Restate the data below word for word, omitting pictures.

**INFORMATION SHOWN**
+++++

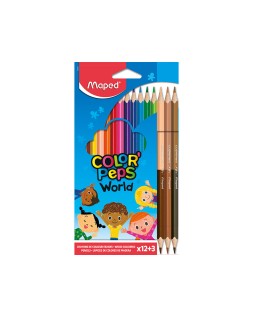 Lapices de colores maped color peps world caja de 12 colores surtidos + 3 duo tonos de piel
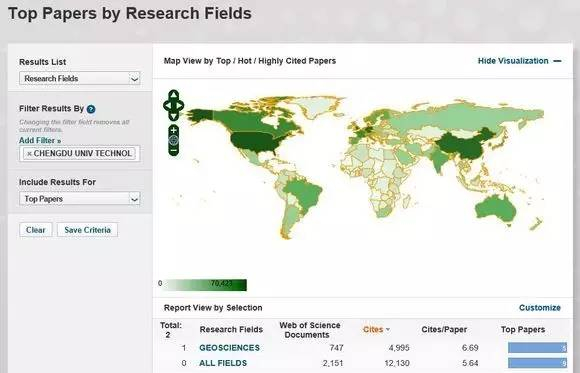 根据美国汤森路透ESI数据库,地球科学(GEOSCIENCES)学科首次进入ESI全球排名前1%,成为西南五省(区、市)首个拥有地球科学世界一流学科的高校。
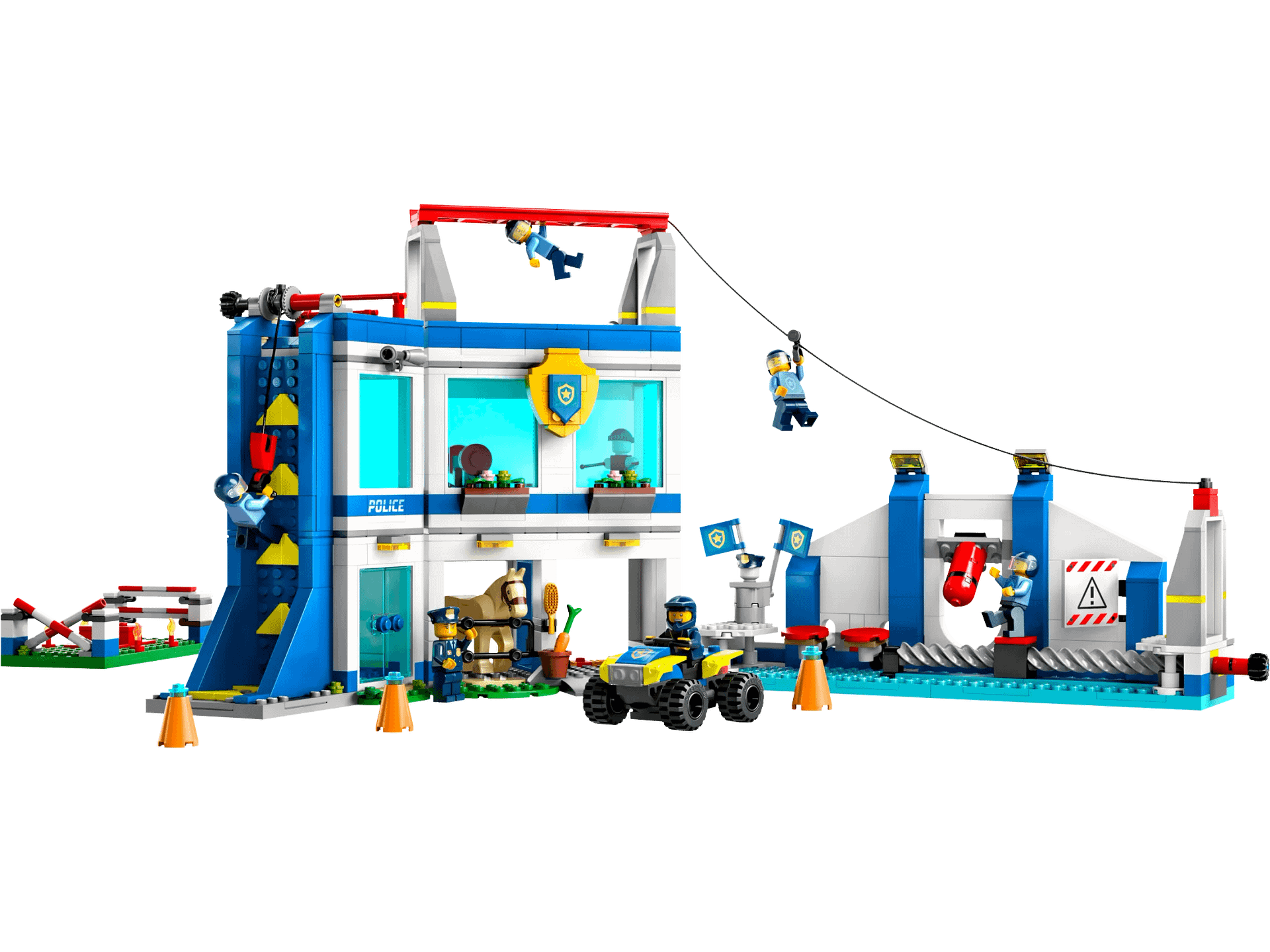 The LEGO® City Police Training Academy (60372) set features a modular multi-room police station and an outdoor obstacle course with fun facilities, including a toy climbing wall, monkey bars and a zip line. It also includes a steerable ATV, 6 minifigures and a horse figure.

+++++

**SOLUTION**
 Lapices de colores maped color peps world caja de 12 colores surtidos + 3 duo tonos de piel
 根据美国汤森路透ESI数据库,地球科学(GEOSCIENCES)学科首次进入ESI全球排名前1%,成为西南五省(区、市)首个拥有地球科学世界一流学科的高校。
 The LEGO® City Police Training Academy (60372) set features a modular multi-room police station and an outdoor obstacle course with fun facilities, including a toy climbing wall, monkey bars and a zip line. It also includes a steerable ATV, 6 minifigures and a horse figure.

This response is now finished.